Aveva sentito parlare di una ricetta per preparare una bevanda fermentata a base di qat: un miscuglio chiamato jaba, che però era venduto solo in via informale. Convinto che un prodotto di qualità più alta potesse avere un mercato, Kiriba ha cominciato a fare esperimenti nella sua cucina. Prima di riuscire a preparare un estratto decente, ha bruciato due frullatori provando a lavorare le foglie ruvide. Ma la bevanda era così forte che lui e i suoi amici hanno vomitato dopo averla assaggiata. In poco tempo, però, ha trovato una combinazione che funzionava, diluendo l’estratto con acqua e aggiungendo zucchero, succo di frutta e ibisco per il profumo.
Fuori portata
Poco dopo Kiriba ha fondato la Handas Jaba Juice. In questo modo ha contribuito a creare un mercato promettente per questa bevanda stimolante, sempre più popolare tra stranieri ricchi e keniani della classe media, ma fuori dalla portata di gran parte della classe lavoratrice. Kiriba chiede infatti 450 scellini (2,50 euro) per una bottiglia da mezzo litro di succo standard, più o meno quanto il salario medio quotidiano in Kenya. Le offerte più pregiate – estratti spremuti a freddo, varietà frizzanti e concentrati molto forti – possono arrivare a costare il doppio. I suoi prodotti hanno cominciato a spuntare un po’ dappertutto, dai locali alla moda della capitale alle feste in spiaggia al chiaro di luna sulla costa dell’oceano Indiano. “All’inizio ne producevamo cinquanta litri e il grosso dovevamo regalarlo”, racconta Kiriba. “C’era un forte stigma su questa sostanza. Ci è voluto un po’ per convincere la gente ad assaggiare la bevanda”.
Anfetamine naturali
Nonostante la sua diffusione, al momento il succo jaba si colloca in una zona legale grigia in Kenya. La pianta di qat, la Catha edulis, può essere coltivata e venduta legalmente, ma i princìpi psicoattivi che contiene – catinone e catina (entrambe anfetamine naturali) – sono stati inclusi nella lista dei narcotici da una legge del 1994.

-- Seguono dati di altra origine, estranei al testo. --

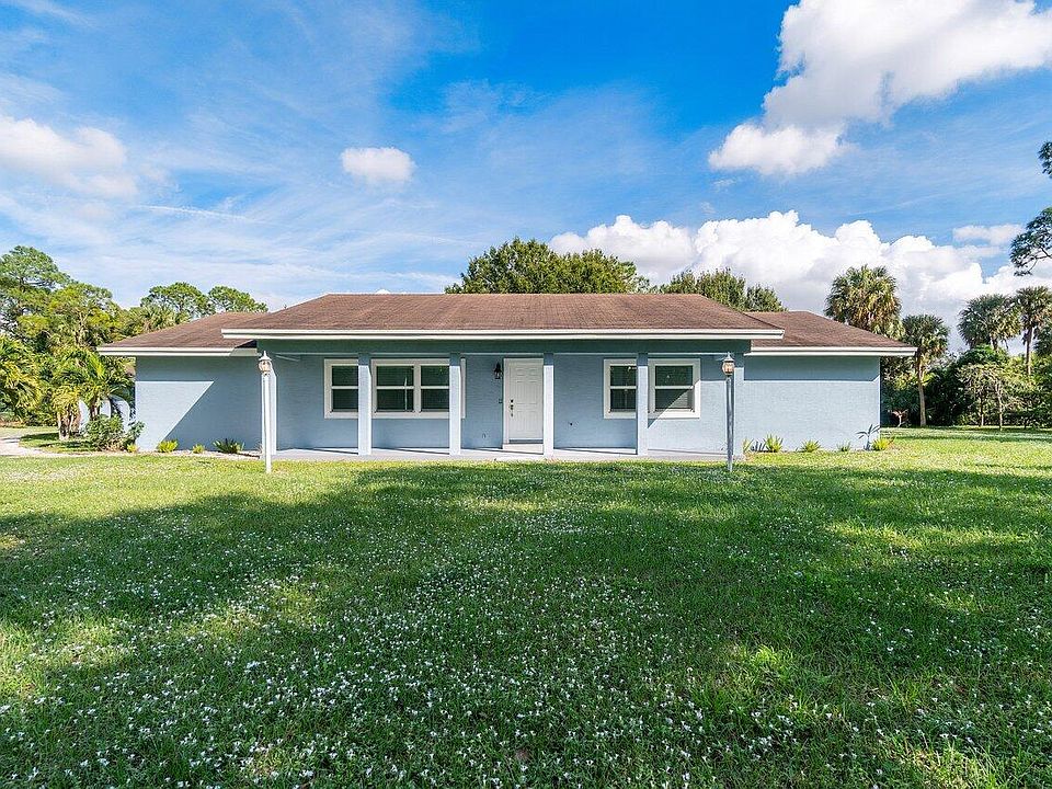 Amazing 1.89 acres corner home with POOL, completely remodeled with IMPACT windows & French Doors. Beautiful home w/ 4 spacious bedrooms, 3 bathrooms, detached oversize garage & shed. Open floor plan with recessed lighting, fans and overlooking great outdoor space. Prepare an elaborate dinner for family & friends in this well-equipped gourmet kitchen features mounted pot filler faucet, double ovens, separate wet bar sink for coffee/tea/liquor, granite countertop & backsplash. The flooring includes 30 X 30 tiles, new baseboards, the interior and exterior freshly painted including ceiling and covered porch. The master bedroom with walk-in closet, master bathroom with dual vanities, separate spa tub, dual faucets shower with frameless glass door, & separate single vanity. The house has spacious bedrooms with double closets. The 4th bedroom with French Doors to outdoor space. The laundry room with new water heater, attic stairs & unique PET SHOWER. The patio to the pool and backyard has plenty of space for outdoor activities. Property close to Publix shopping center, restaurants, parks, Wellington Mall & Hospital, easy access to I-95 or turnpike. DON'T MISS OWNING THIS PIECE OF PARADISE OF COUNTRY IN THE CITY, FLORIDA LIVING!
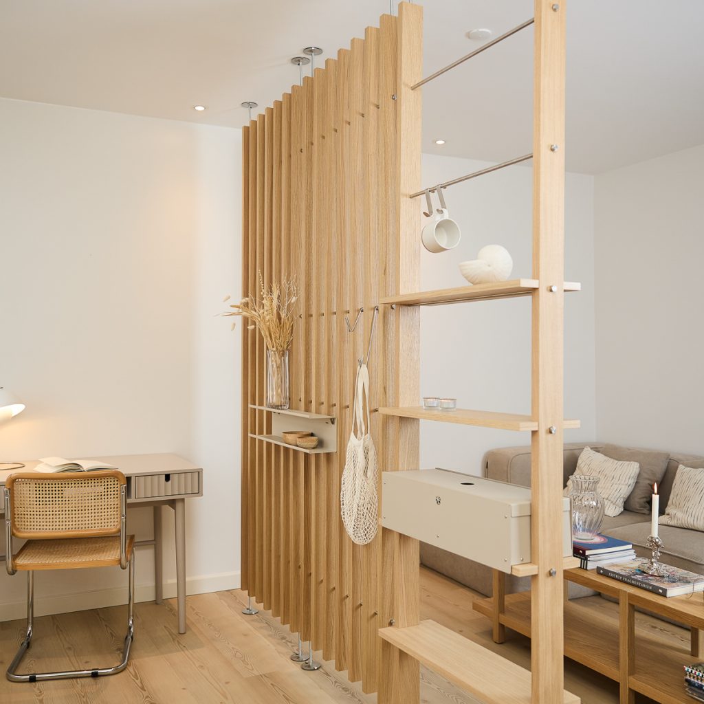 Room divider system that mounts between floor and ceiling. It creates clear zones and installs in just an hour.

“A causa di questa contraddizione, non abbiamo potuto creare un parametro in cui far rientrare anche il succo jaba”, dice Geoffrey Muriira, direttore del
Kenya bureau of standards, l’agenzia che regolamenta i beni industriali. Se si risolvesse la questione della legalità, aggiunge Muriira, sarebbe possibile determinare dei quantitativi sicuri di catinone e catina, che l’agenzia potrebbe certificare e far rispettare. Anche senza questi limiti, però, quasi nessuno viene punito per il consumo, in qualsiasi forma.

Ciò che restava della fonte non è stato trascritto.